Return the stretch from the line with "后推式貨架系統(tǒng)(也稱為壓入式" through the line with "Clamp these multi-use" in the data below, character for character, skipping all pictures.

### Source material
--------------------------------------------------

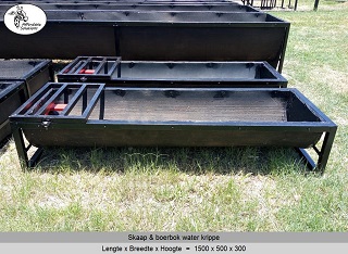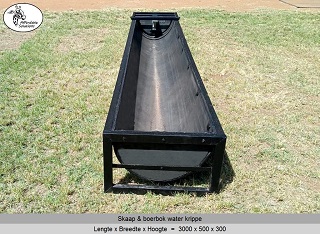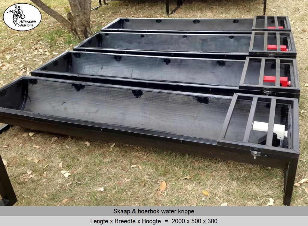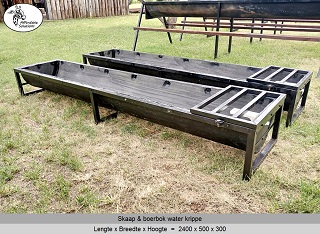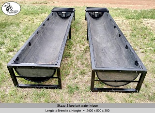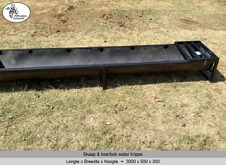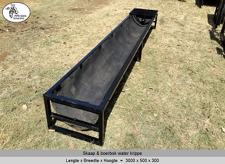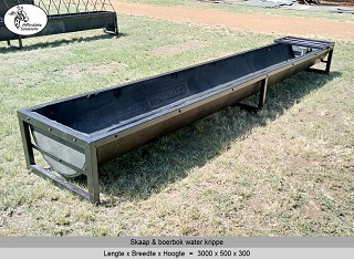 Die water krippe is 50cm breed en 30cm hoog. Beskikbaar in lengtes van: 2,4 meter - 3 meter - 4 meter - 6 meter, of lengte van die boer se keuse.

--------------------------------------------------

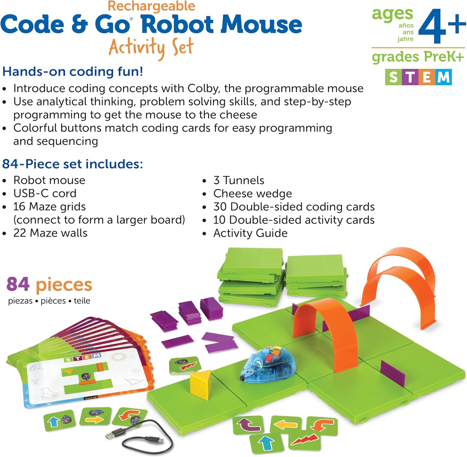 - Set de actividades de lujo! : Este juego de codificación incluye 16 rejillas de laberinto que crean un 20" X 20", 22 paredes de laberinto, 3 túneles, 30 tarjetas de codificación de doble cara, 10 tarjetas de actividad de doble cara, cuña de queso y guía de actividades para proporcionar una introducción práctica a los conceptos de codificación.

--------------------------------------------------

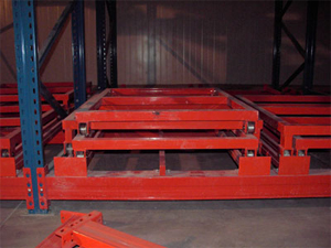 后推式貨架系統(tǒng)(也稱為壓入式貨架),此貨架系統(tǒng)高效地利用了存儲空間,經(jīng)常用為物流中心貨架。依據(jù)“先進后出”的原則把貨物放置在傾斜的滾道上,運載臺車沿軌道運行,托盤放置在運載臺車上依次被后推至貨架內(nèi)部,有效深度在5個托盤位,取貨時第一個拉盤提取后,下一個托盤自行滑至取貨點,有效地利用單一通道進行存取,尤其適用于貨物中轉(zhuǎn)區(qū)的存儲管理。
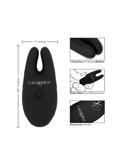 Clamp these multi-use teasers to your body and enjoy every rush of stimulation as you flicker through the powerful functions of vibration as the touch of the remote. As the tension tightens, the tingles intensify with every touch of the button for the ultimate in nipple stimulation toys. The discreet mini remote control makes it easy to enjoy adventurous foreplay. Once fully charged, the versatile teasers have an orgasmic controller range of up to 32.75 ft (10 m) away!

--------------------------------------------------

### Written solution
 后推式貨架系統(tǒng)(也稱為壓入式貨架),此貨架系統(tǒng)高效地利用了存儲空間,經(jīng)常用為物流中心貨架。依據(jù)“先進后出”的原則把貨物放置在傾斜的滾道上,運載臺車沿軌道運行,托盤放置在運載臺車上依次被后推至貨架內(nèi)部,有效深度在5個托盤位,取貨時第一個拉盤提取后,下一個托盤自行滑至取貨點,有效地利用單一通道進行存取,尤其適用于貨物中轉(zhuǎn)區(qū)的存儲管理。
 Clamp these multi-use teasers to your body and enjoy every rush of stimulation as you flicker through the powerful functions of vibration as the touch of the remote. As the tension tightens, the tingles intensify with every touch of the button for the ultimate in nipple stimulation toys. The discreet mini remote control makes it easy to enjoy adventurous foreplay. Once fully charged, the versatile teasers have an orgasmic controller range of up to 32.75 ft (10 m) away!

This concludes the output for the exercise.